[COLLECTED MATERIAL]:
★ ★ ★ ★ ★

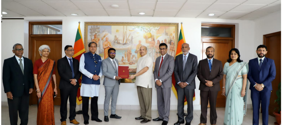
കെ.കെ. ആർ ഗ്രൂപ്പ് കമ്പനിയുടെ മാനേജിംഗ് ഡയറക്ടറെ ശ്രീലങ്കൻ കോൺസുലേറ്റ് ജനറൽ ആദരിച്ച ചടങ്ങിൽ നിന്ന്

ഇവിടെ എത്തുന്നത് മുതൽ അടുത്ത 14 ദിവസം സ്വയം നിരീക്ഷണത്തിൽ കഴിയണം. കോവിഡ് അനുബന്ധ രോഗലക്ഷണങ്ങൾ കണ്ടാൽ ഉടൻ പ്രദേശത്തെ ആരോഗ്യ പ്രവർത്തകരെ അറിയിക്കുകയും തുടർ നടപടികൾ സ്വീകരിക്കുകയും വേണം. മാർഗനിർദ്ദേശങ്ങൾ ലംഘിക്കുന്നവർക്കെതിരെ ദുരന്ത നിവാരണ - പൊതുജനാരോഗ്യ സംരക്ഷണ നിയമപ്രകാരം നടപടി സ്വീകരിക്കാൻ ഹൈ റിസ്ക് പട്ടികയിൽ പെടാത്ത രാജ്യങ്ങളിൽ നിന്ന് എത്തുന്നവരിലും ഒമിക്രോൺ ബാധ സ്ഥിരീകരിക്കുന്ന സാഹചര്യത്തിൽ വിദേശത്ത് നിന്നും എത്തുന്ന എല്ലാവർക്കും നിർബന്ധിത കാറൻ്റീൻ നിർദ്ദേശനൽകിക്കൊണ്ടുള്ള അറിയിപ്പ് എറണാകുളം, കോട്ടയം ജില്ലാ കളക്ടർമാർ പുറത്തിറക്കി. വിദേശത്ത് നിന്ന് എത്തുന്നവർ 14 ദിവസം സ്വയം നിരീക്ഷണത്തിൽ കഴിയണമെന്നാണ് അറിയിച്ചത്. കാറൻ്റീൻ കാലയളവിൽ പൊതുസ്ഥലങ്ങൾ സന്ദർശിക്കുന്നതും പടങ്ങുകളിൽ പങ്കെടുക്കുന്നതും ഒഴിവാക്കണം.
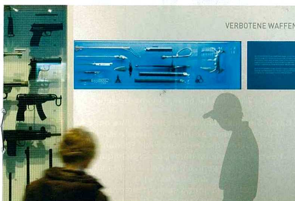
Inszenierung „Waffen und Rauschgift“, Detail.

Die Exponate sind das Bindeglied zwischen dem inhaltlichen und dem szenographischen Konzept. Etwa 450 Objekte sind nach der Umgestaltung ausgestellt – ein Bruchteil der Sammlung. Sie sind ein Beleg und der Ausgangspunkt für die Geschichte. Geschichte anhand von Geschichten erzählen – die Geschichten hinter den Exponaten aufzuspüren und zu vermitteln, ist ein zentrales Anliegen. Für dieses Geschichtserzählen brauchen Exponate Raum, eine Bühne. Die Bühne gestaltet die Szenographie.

★ ★ ★ ★ ★

[ASSIGNMENT]: Your output must consist only of the lines from the line with "ഇവിടെ എത്തുന്നത് മുതൽ" through the final line of the data, both included, reproduced exactly and free of pictures.

[TASK RESULT]:
ഇവിടെ എത്തുന്നത് മുതൽ അടുത്ത 14 ദിവസം സ്വയം നിരീക്ഷണത്തിൽ കഴിയണം. കോവിഡ് അനുബന്ധ രോഗലക്ഷണങ്ങൾ കണ്ടാൽ ഉടൻ പ്രദേശത്തെ ആരോഗ്യ പ്രവർത്തകരെ അറിയിക്കുകയും തുടർ നടപടികൾ സ്വീകരിക്കുകയും വേണം. മാർഗനിർദ്ദേശങ്ങൾ ലംഘിക്കുന്നവർക്കെതിരെ ദുരന്ത നിവാരണ - പൊതുജനാരോഗ്യ സംരക്ഷണ നിയമപ്രകാരം നടപടി സ്വീകരിക്കാൻ ഹൈ റിസ്ക് പട്ടികയിൽ പെടാത്ത രാജ്യങ്ങളിൽ നിന്ന് എത്തുന്നവരിലും ഒമിക്രോൺ ബാധ സ്ഥിരീകരിക്കുന്ന സാഹചര്യത്തിൽ വിദേശത്ത് നിന്നും എത്തുന്ന എല്ലാവർക്കും നിർബന്ധിത കാറൻ്റീൻ നിർദ്ദേശനൽകിക്കൊണ്ടുള്ള അറിയിപ്പ് എറണാകുളം, കോട്ടയം ജില്ലാ കളക്ടർമാർ പുറത്തിറക്കി. വിദേശത്ത് നിന്ന് എത്തുന്നവർ 14 ദിവസം സ്വയം നിരീക്ഷണത്തിൽ കഴിയണമെന്നാണ് അറിയിച്ചത്. കാറൻ്റീൻ കാലയളവിൽ പൊതുസ്ഥലങ്ങൾ സന്ദർശിക്കുന്നതും പടങ്ങുകളിൽ പങ്കെടുക്കുന്നതും ഒഴിവാക്കണം.
Inszenierung „Waffen und Rauschgift“, Detail.

Die Exponate sind das Bindeglied zwischen dem inhaltlichen und dem szenographischen Konzept. Etwa 450 Objekte sind nach der Umgestaltung ausgestellt – ein Bruchteil der Sammlung. Sie sind ein Beleg und der Ausgangspunkt für die Geschichte. Geschichte anhand von Geschichten erzählen – die Geschichten hinter den Exponaten aufzuspüren und zu vermitteln, ist ein zentrales Anliegen. Für dieses Geschichtserzählen brauchen Exponate Raum, eine Bühne. Die Bühne gestaltet die Szenographie.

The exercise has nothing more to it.